This invention relates to level control devices for liquids and other conductive materials and, more particularly, to such devices utilizing electronic circuitry in the probe circuit.
Liquid level control systems, such as low-water cut-off systems, are known in the art as exemplified in U.S. Pat. No. 3,834,357. These systems monitor the fluid level in vessels such as hot water boilers, or the like, by utilizing the conductivity of the fluid within the vessel. That is, an insulated probe projects internally of the vessel such that an electrical path is completed from the conductive portion of the probe through the liquid and to the grounded walls of the vessel, when the fluid is in contact with the probe. This circuit, in turn, completes a series circuit comprising the secondary winding of an isolation transformer and a relay having at least one set of contacts for controlling an external circuit such as a low-water alarm. An isolation transformer is utilized in these systems for safety considerations. That is, the isolation transformer avoids the possibility of having an electrically "hot" housing or exposed surface of any of the associated apparatus. However, in order to maintain a desired minimum level of sensitivity to ensure reliable detection when using fluids having low electrical conductivity, the secondary winding voltage is typically the same as the primary winding, which may be, for example, 120 or 240 volts. Notwithstanding the isolation transformer, this relatively high secondary potential may pose a safety problem such as, for example, to a workman who inadvertently physically contacts the exposed conductor of the probe. Thus, in these prior art systems, system safety and system sensitivity are in competition with one another.

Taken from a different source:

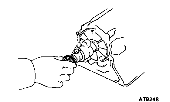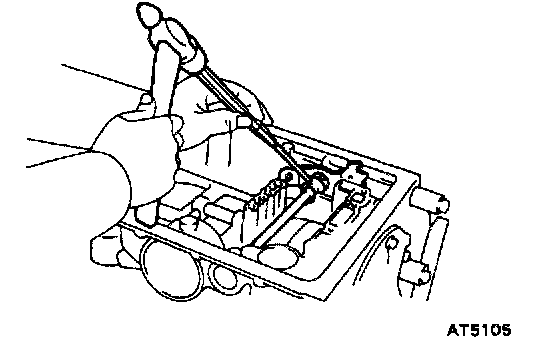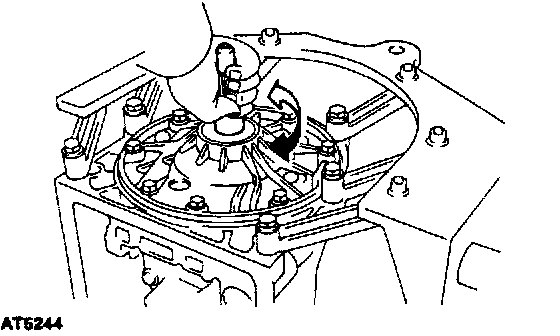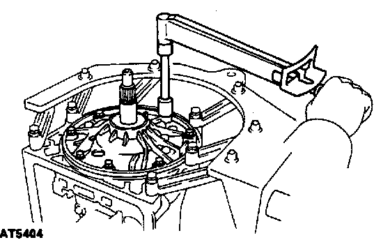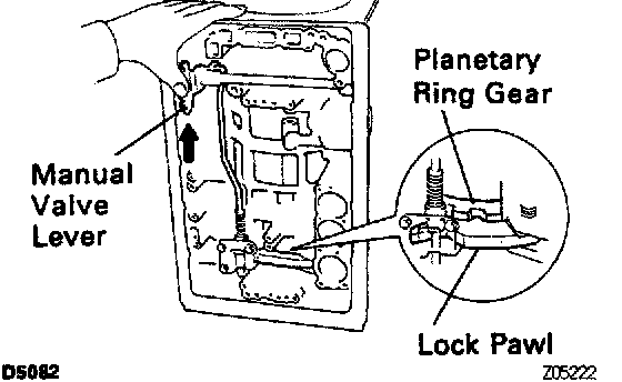e) Shift the manual valve lever to the P position, and confirm that the planetary ring gear is correctly locked up by the pawl.
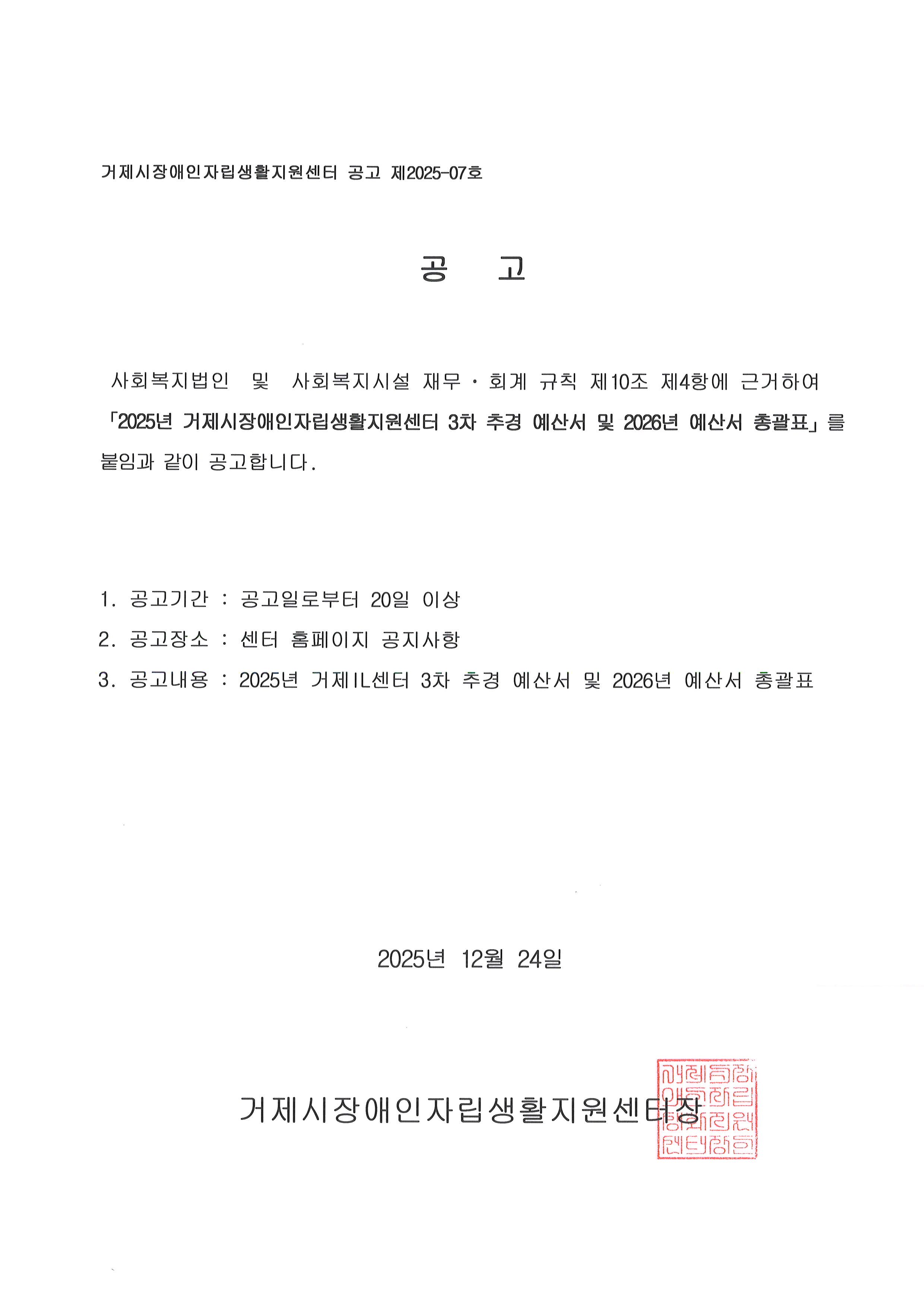 2025년 거제시장애인자립생활지원세터 3차 추경 예산서 및 2026년 예산서 공고 최고관리자 0 3 3시간전 2025.12.29 16:25 2025년 거제시장애인자립생활지원센터 3차 추경 예산서 및 2026년 예산 총괄표..pdf (262.3K) + 0

Low secondary voltage systems, including electronic systems, have been proposed. However, these systems utilize relatively sophisticated and expensive techniques such as, for example, D.C. amplifiers wherein the A.C. probe signal voltage is converted to D.C. for further processing by the electronic circuit, such as by means of A.C. to D.C. converter or bridges and the like. The A.C. to D.C. interface has been necessary because it is desirable to provide an A.C. voltage in the probe circuit so as to avoid contamination of the probe due to electrolysis as results from strictly D.C. operation. In any event, these prior art liquid level control systems have resorted to expensive and complex circuit design techniques to provide a usable system.
These and other disadvantages are overcome by the present invention wherein a liquid level control system is provided utilizing a relatively low voltage secondary potential, the advantages of A.C. operation, and simple and relatively inexpensive circuitry which also utilizes the A.C. voltage signal of the probe circuit.